Cybersecurity Reference > Glossary
Fuzzing
A fuzzing attack is a software testing technique that involves sending invalid, unexpected, or random data inputs to a program to identify vulnerabilities.
Also known as fuzz testing, this method systematically bombards applications with malformed data to trigger crashes, memory leaks, buffer overflows, or other security flaws that could be exploited by attackers.
Fuzzing can be categorized into several types: black-box fuzzing tests applications without knowledge of internal code structure, white-box fuzzing uses source code analysis to guide test case generation, and gray-box fuzzing combines both approaches. The technique can target various input vectors including file formats, network protocols, APIs, and user interfaces.

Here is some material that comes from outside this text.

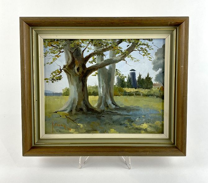 Richard Joicey (British, 1925 - 1994), 'Langstone Mill from Wade Court', oil on board, signed lower left and dated '75', framed, 19cm by 23.5cm (ARR)
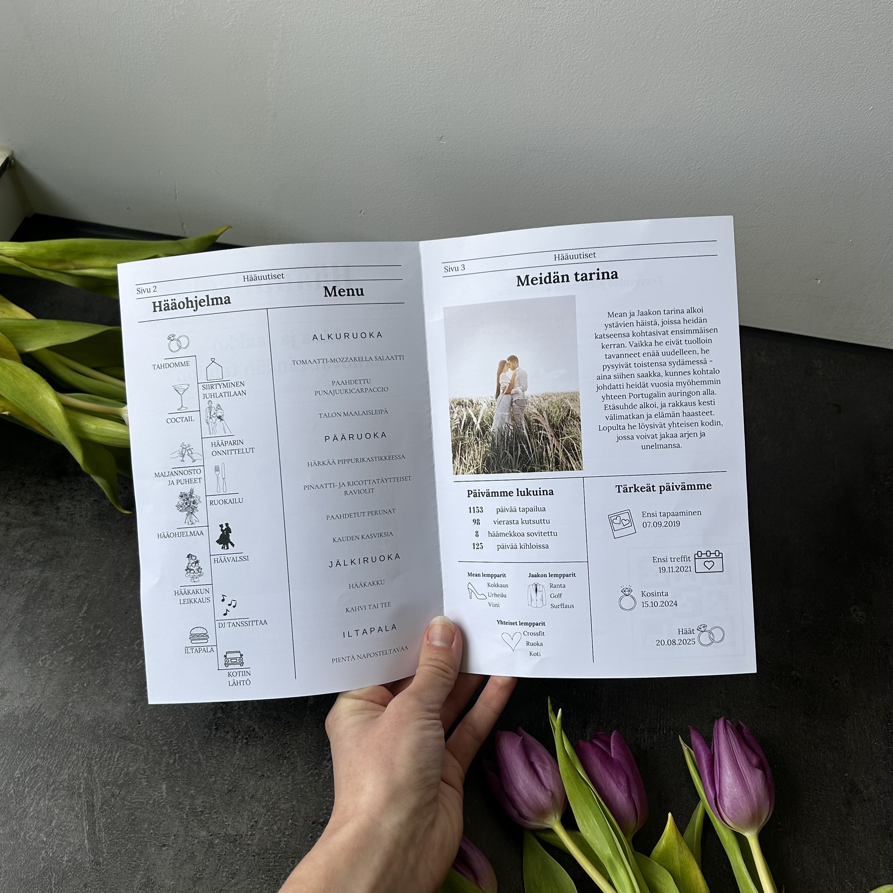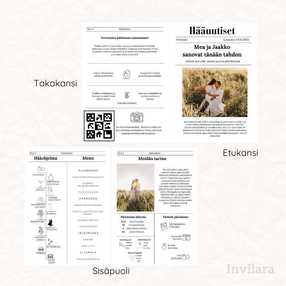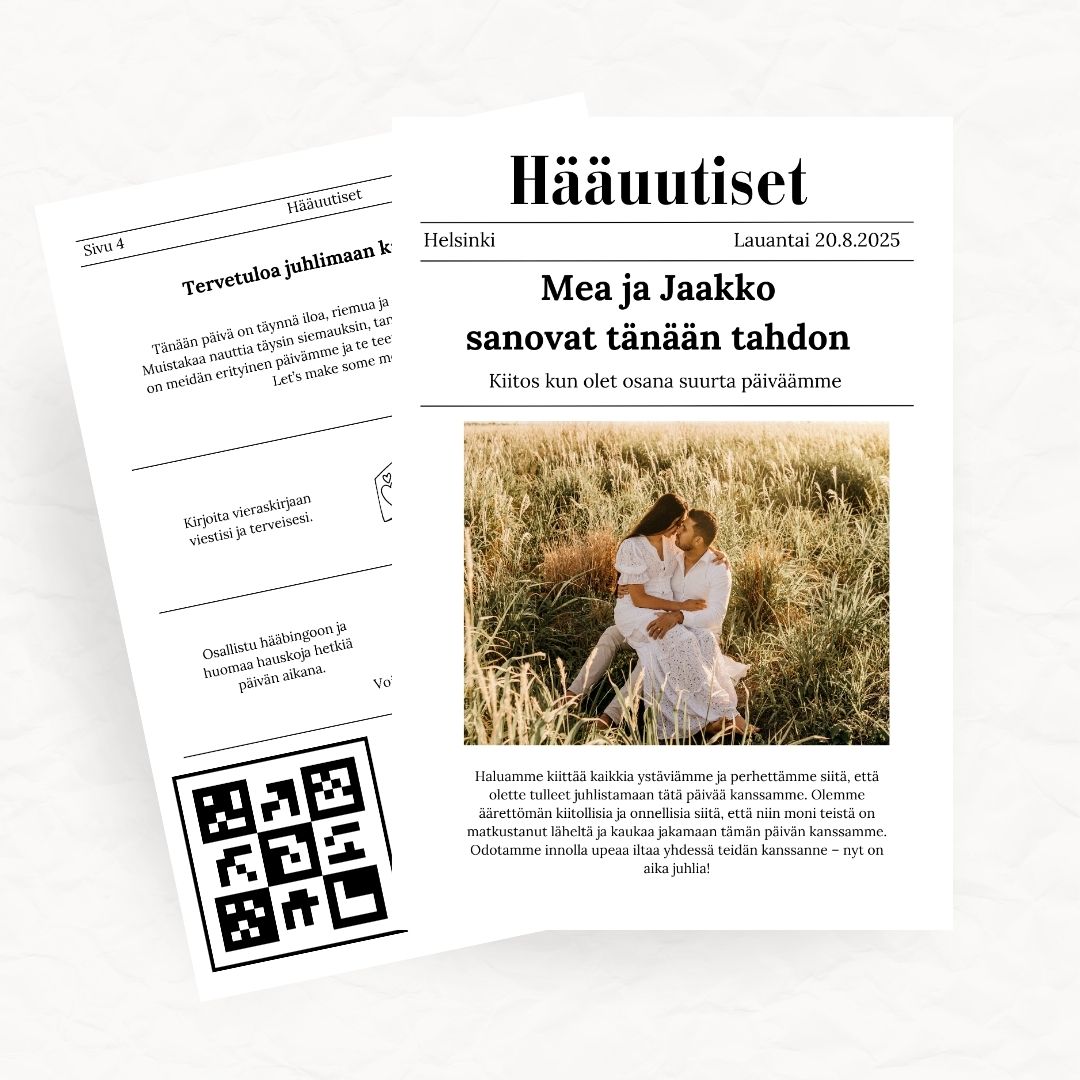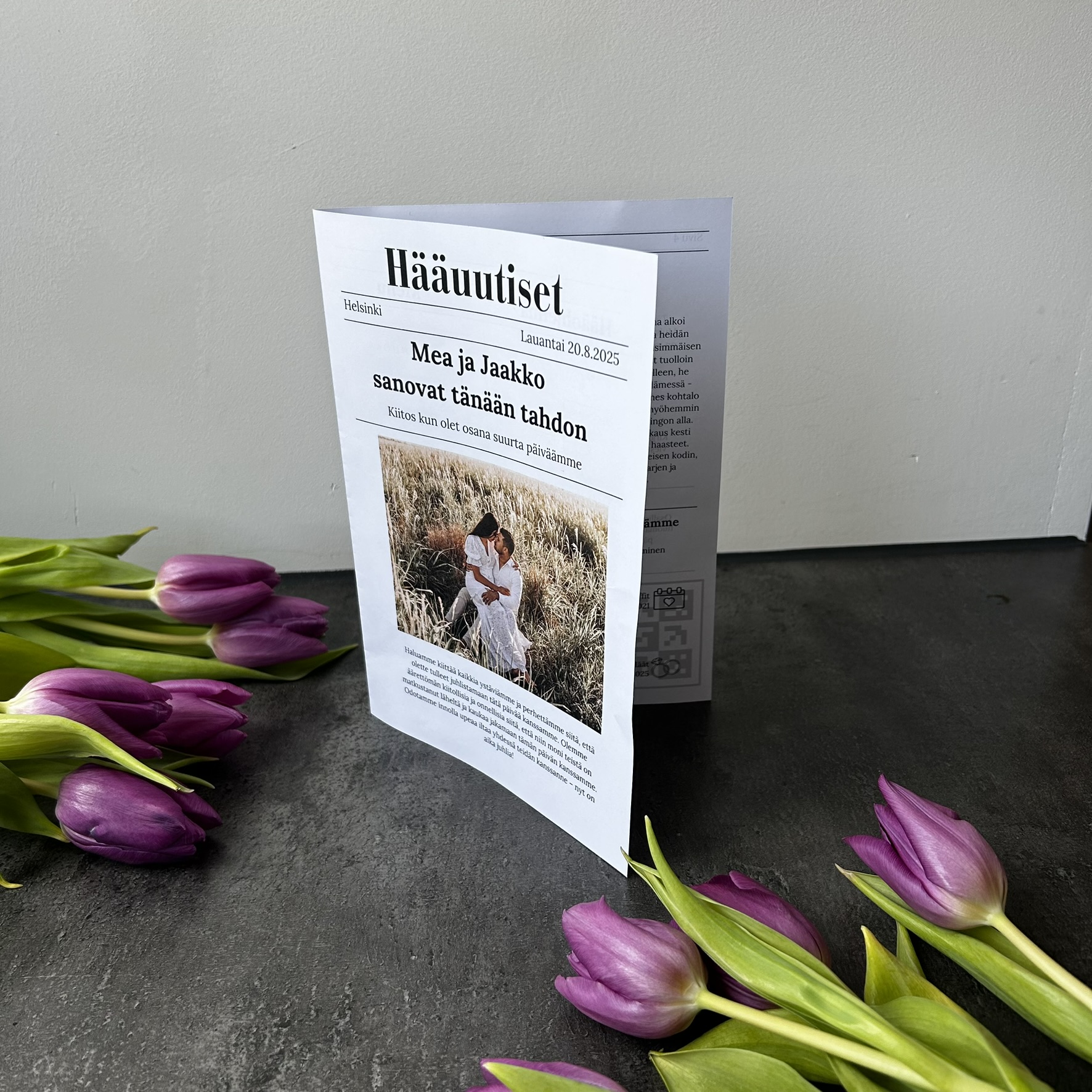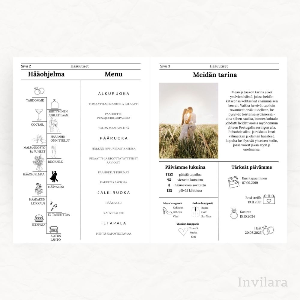 Suositut Hääuutiset nyt myös Invilaralta! Tämä kaunis hääuutinen on täydellinen tapa jakaa häävieraille tärkeät tiedot ja samalla kertoa oma rakkaustarinanne. Tämä A4-kokoinen taitettava lehtinen on helposti muokattavissa, ja se on suunniteltu niin, että siihen voi kirjoittaa esimerkiksi häiden ohjelman, menun, tarinan ja kaikki muut tärkeät yksityiskohdat. Samalla näyttäen kuin sanomalehdeltä! Ja mikä parasta, se ei vie paljon aikaa tai vaivaa tehdä. Hääuutiset ovat uusi suosittu häiden yksityiskohta!

While originally developed as a quality assurance tool, fuzzing has become essential in cybersecurity for both defensive and offensive purposes. Security researchers use fuzzers to discover zero-day vulnerabilities before malicious actors do, while attackers may employ fuzzing to find exploitable weaknesses in target systems. Popular fuzzing frameworks include AFL (American Fuzzy Lop), LibFuzzer, and Peach Fuzzer.
Modern fuzzing incorporates machine learning and code coverage analysis to improve efficiency and effectiveness. Organizations increasingly integrate fuzzing into their software development lifecycle as part of DevSecOps practices to identify and remediate vulnerabilities early in the development process.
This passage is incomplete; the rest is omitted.